Retinal sections were also labeled for F4/80, a murine macrophage marker (Fig. 8). In the control retinas, F4/80 immunoreactive cells were detected in the choroid and sclera but not in the RPE and neural retina. Similarly, the retinas of mice given 15 mg/kg NaIO₃ contained only sparse F4/80 immunoreactive cells in the neural retina. In mice given 30 mg/kg NaIO₃, there was a greater abundance of F4/80 immunoreactivity in the neural retina, but only sparse F4/80⁺ immunoreactivity in the RPE layer. In the 45 mg/kg NaIO_3- group, there was limited F4/80⁺ immunoreactivity in the neural retina and more in the RPE layer. Similar results were observed in the retinas of mice given 60 mg/kg NaIO₃.

Fig. 8.

Sodium Iodate Increased F4/80⁺ Immunoreactivity in the Retinal Pigment Epithelial Layer and Neural Retina. Representative confocal images of retinal sections from mice 7 days after NaIO₃ injection, immunolabelled for RPE65 (green) and F4/80 (red), and counterstained for nuclei with Hoechst (blue) (n = 4 per group). The overlay column (Comp) shows the merged image of all three fluorescent channels. The transmitted light (TL) channel is shown in the righthand column. F4/80⁺ immunoreactivity was observed in the choroid in all treatment groups. First row: Control. F4/80⁺ immunoreactivity was restricted to the choroid. Second row: NaIO₃ 15 mg/kg. F4/80⁺ immunoreactivity colocalized with RPE65 infrequently in the neural retina in addition to the choroid (white arrowheads) and corresponded to pigmented puncta (black arrowheads). Third row: NaIO₃, 30 mg/kg. abundant F4/80⁺ immunoreactivity partially colocalized with RPE65 in the neural retina and RPE layer, in addition to the choroid (white arrowheads), and corresponded to pigmented puncta (black arrowheads). Fourth row: NaIO₃, 45 mg/kg. F4/80⁺ immunoreactivity partially colocalized with RPE65 in the neural retina and RPE layer, in addition to the choroid (white arrowheads), and corresponded to pigmented puncta (black arrowheads). Fifth Row: NaIO₃, 60 mg/kg. Occasional F4/80⁺ immunoreactivity partially colocalized with RPE65 in the neural retina and RPE layer, in addition to the choroid (white arrowheads), and corresponded to pigmented puncta (black arrowheads). ONL, outer nuclear layer. Scale bar = 50 µm.

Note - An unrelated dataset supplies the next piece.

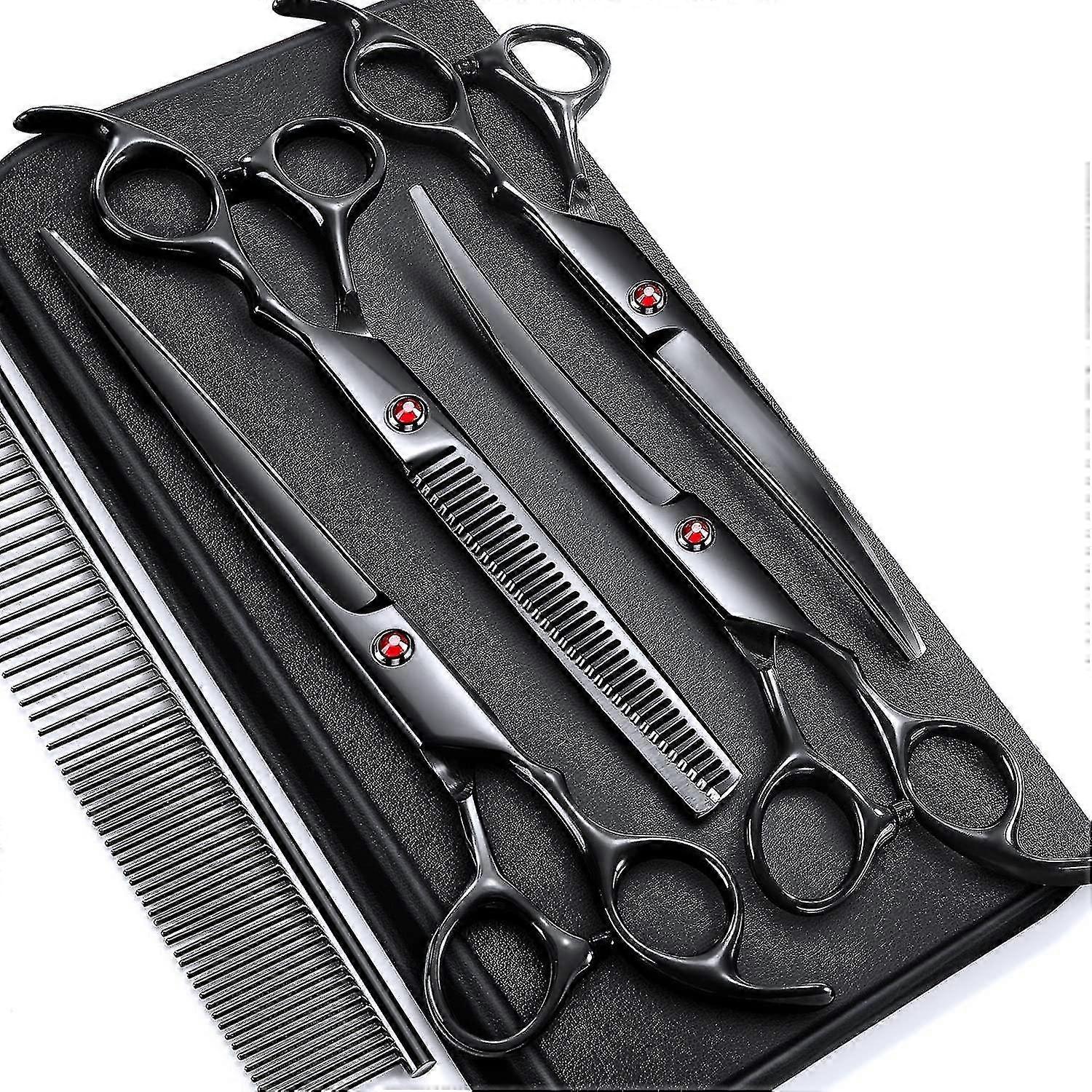 6 In 1 Professional Dog Grooming Scissors Kit,7.0in Stainless Steel , Straight & Thinning & Curved Shears & Comb Set For Pet Grooming

Pigment localized within the neural retina was observed by transmitted light imaging and corresponding confocal imaging of VIM, RPE65, and F4/80 immunofluorescence (Fig. 9). Pigment, VIM immunoreactivity, and RPE65 immunoreactivity colocalized in some places (Fig. 9A), but this was not uniform (Fig. 9B). Pigmented anomalies within the neural retina were also occasionally positive for F4/80⁺ immunoreactivity (Fig. 9C), but in most cases the pigment did not colocalize with F4/80 (Fig. 9D).

Fig. 9.

Heterogeneous Vimentin and F4/80 Immunoreactivity in Pigmented Anomalies. Pigmented anomalies were identified by transmitted light and compared to corresponding confocal images in retinal sections from mice 7 days after NaIO₃ injection. Sections were immunolabelled for RPE65 (green) and F4/80 (red) or VIM (red), and nuclear counterstained with Hoechst (blue) (n = 4 per group). (A) Pigmented lesions identified in transmitted light (TL) images corresponded to Hoechst stain, some RPE65 immunoreactivity, and VIM immunoreactivity. (B) In other cases, pigmented lesions had Hoechst staining but no VIM or RPE65 immunoreactivity. (C) Pigmented lesions also partially corresponded to RPE65 and F4/80 immunoreactivity. (D) In other areas, pigmented lesions had Hoechst staining but no RPE65 or F4/80 immunoreactivity. Scale bar = 50 µm. Magnified scale bar = 25 µm.